A Saga de Mitrax
Parte do Mundo
Autor:
Sérgio Roberto de Paulo
m belo dia, lá pelo distante ano de 1082 da Era dos
Grandes Reis e Rainhas, quando o mago Aldebaran estava examinando uns papéis em
seu escritório, algo mais ou menos inusitado aconteceu. Inusitado, mas muito bem parte
do cotidiano, pois ele foi interrompido por um som que vinha da porta. Praticamente
sem se mexer, ergueu apenas os olhos, que se destacaram por cima do pergaminho que
segurava nas mãos.
O som provinha da maçaneta, que tinha formato alongado e parecia uma
pena. Ela parecia tremer, baixando e subindo periodicamente. Tal inusitado movimento
veio acompanhado de um baque surdo, do outro lado da porta. O mago não pode deixar
de sorrir, pois sabia exatamente a origem daquilo: certamente um ser de não elevada
estatura tentava abrir a porta. Portanto, Aldebaran se preparou para enfrentar a criatura
que irromperia recinto adentro dali a alguns segundos.
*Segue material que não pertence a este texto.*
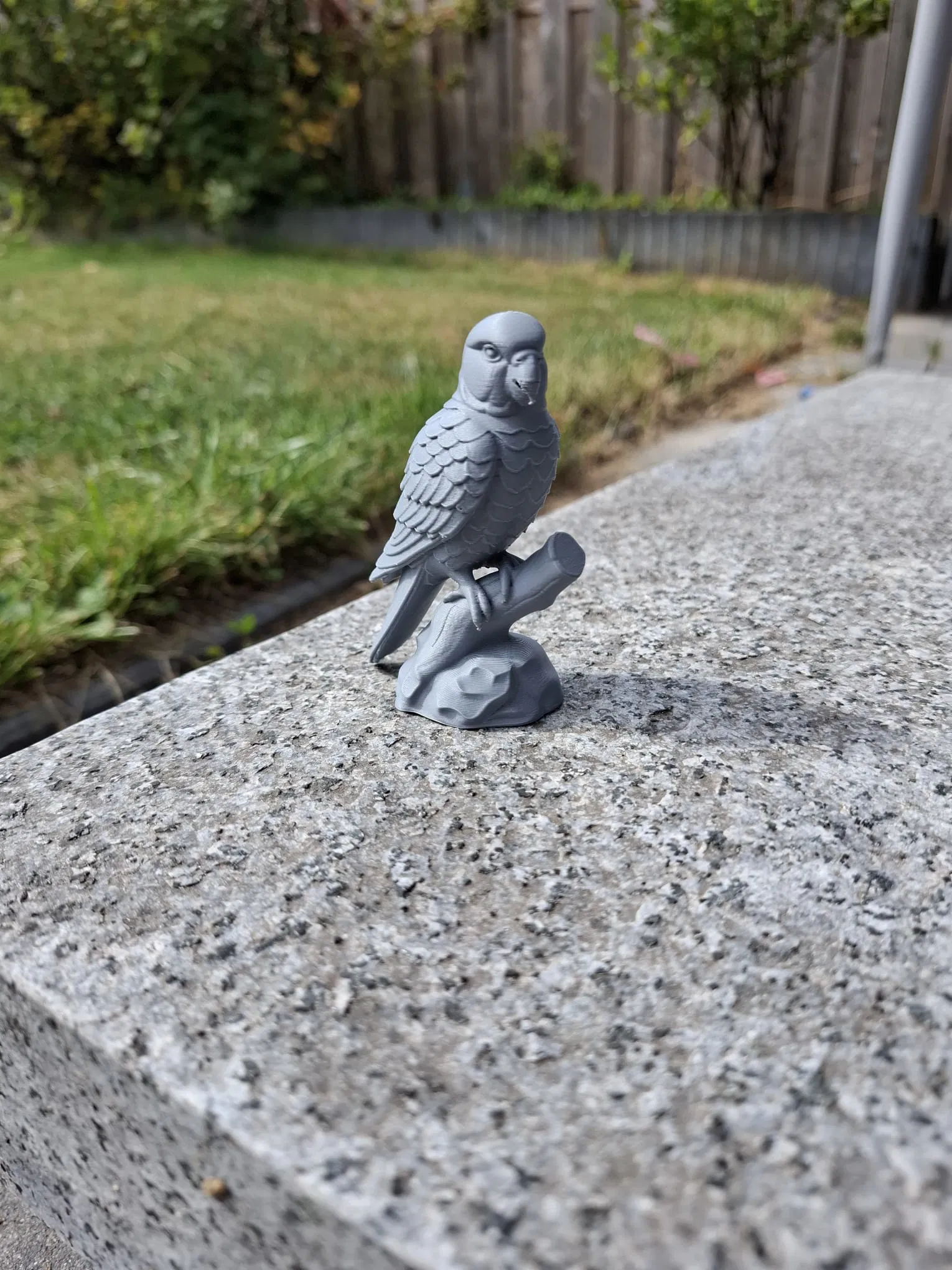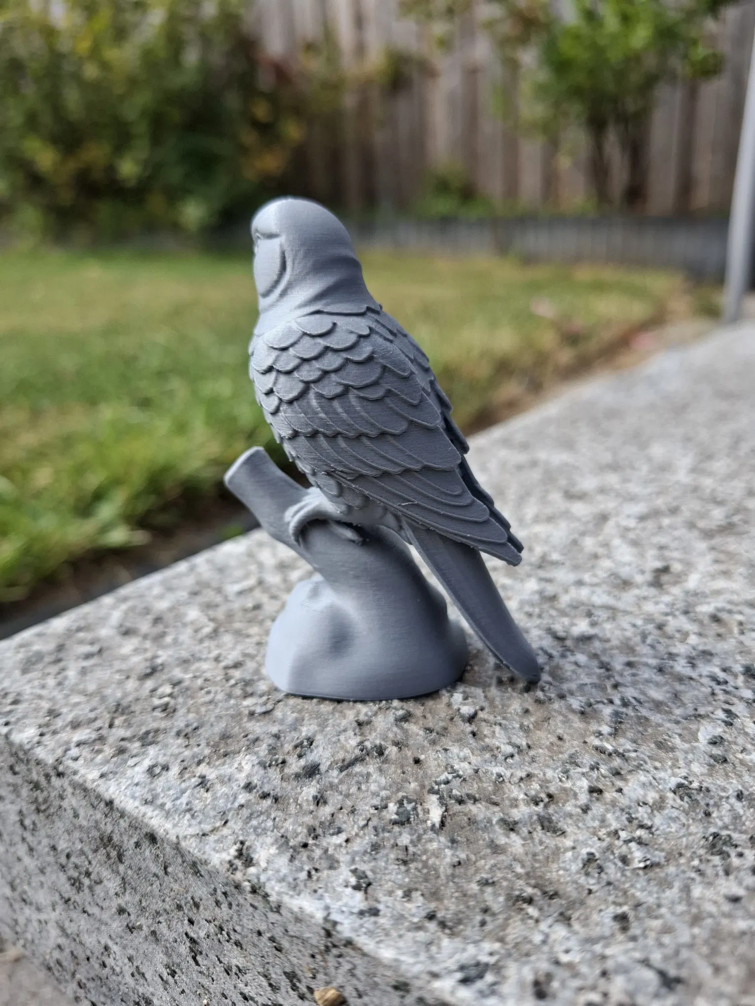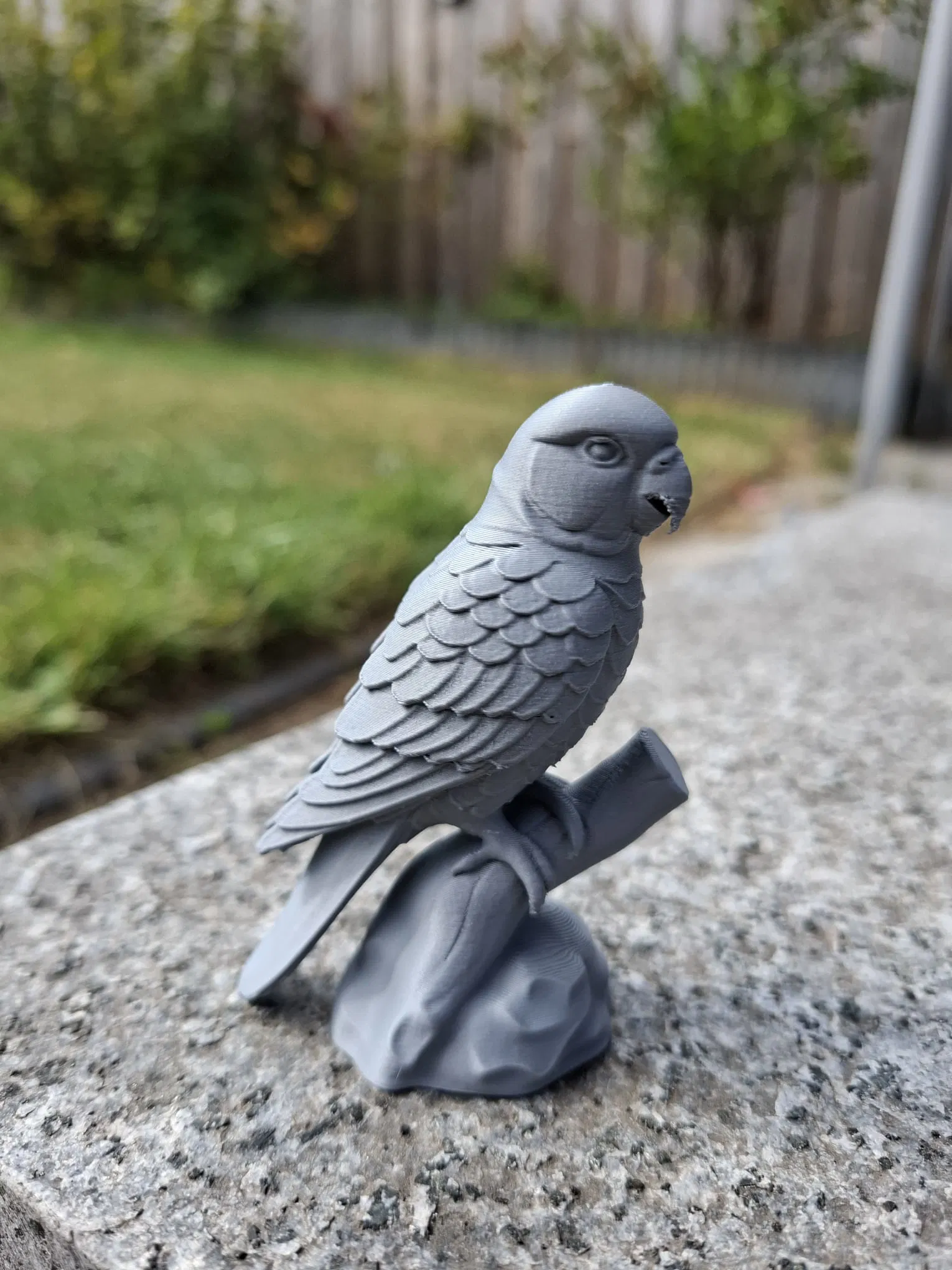 Đậu trên cành cây với đế đá, chú vẹt này có bộ lông được điêu khắc tỉ mỉ, mỏ gọn gàng và tính cách tò mò—sẵn sàng tô điểm cho kệ sách, chậu cây hay bàn làm việc tại nhà của bạn.

E, é claro, foi o que aconteceu. A porta se abriu num solavanco e tudo o que
ele pode observar, do referencial em que estava, foi alguns cachinhos castanhos vindo
em sua direção. Logo depois, duas mãozinhas apareceram na borda da mesa e, depois
ainda, dois olhinhos castanhos.
-Aldebaran, me conta uma história! – disse a menininha.
O mago baixou sutilmente o pergaminho e respondeu, suavemente:
-Agora estou ocupado, jovem princesa.
-Uma só! – insistiu ela.
Mas aqueles papéis eram muito importantes. Tratava-se de relatórios sobre os
avanços do inimigo. Teria que estudá-los com urgência.
-Talvez mais tarde, sim?
Constatando que o mago não cederia, a menininha sumiu por trás da mesa,
deu meia volta e, cabisbaixa, caminhou lentamente em direção à porta. Muito
lentamente. O mago deu um suspiro, olhando para o teto. Bem, já estava dormindo
apenas três horas por dia, poderia dormir duas esta noite.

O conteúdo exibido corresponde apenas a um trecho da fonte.